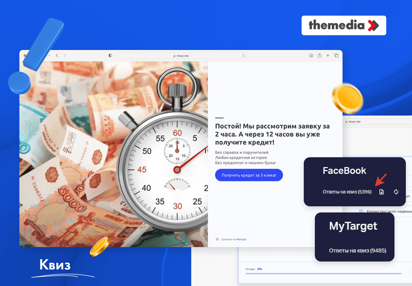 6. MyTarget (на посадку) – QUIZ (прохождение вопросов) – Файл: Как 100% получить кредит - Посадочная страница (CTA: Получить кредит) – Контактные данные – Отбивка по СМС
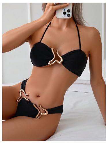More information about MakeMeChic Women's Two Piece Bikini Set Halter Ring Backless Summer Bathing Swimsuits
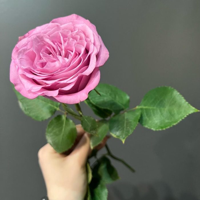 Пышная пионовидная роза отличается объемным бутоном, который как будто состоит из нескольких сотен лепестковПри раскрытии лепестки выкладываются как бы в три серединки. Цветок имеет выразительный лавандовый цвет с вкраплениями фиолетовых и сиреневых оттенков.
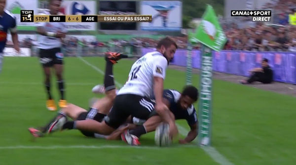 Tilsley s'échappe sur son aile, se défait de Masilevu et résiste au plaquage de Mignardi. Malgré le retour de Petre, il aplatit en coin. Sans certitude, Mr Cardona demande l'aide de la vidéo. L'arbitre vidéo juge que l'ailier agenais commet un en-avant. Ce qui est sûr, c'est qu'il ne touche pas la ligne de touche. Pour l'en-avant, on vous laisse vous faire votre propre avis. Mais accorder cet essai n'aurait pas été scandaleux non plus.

========================

What is needed is every line from the one with "Пышная пионовидная роза" to the final line of the listing above, set down exactly and with the pictures left out.

 Пышная пионовидная роза отличается объемным бутоном, который как будто состоит из нескольких сотен лепестковПри раскрытии лепестки выкладываются как бы в три серединки. Цветок имеет выразительный лавандовый цвет с вкраплениями фиолетовых и сиреневых оттенков.
 Tilsley s'échappe sur son aile, se défait de Masilevu et résiste au plaquage de Mignardi. Malgré le retour de Petre, il aplatit en coin. Sans certitude, Mr Cardona demande l'aide de la vidéo. L'arbitre vidéo juge que l'ailier agenais commet un en-avant. Ce qui est sûr, c'est qu'il ne touche pas la ligne de touche. Pour l'en-avant, on vous laisse vous faire votre propre avis. Mais accorder cet essai n'aurait pas été scandaleux non plus.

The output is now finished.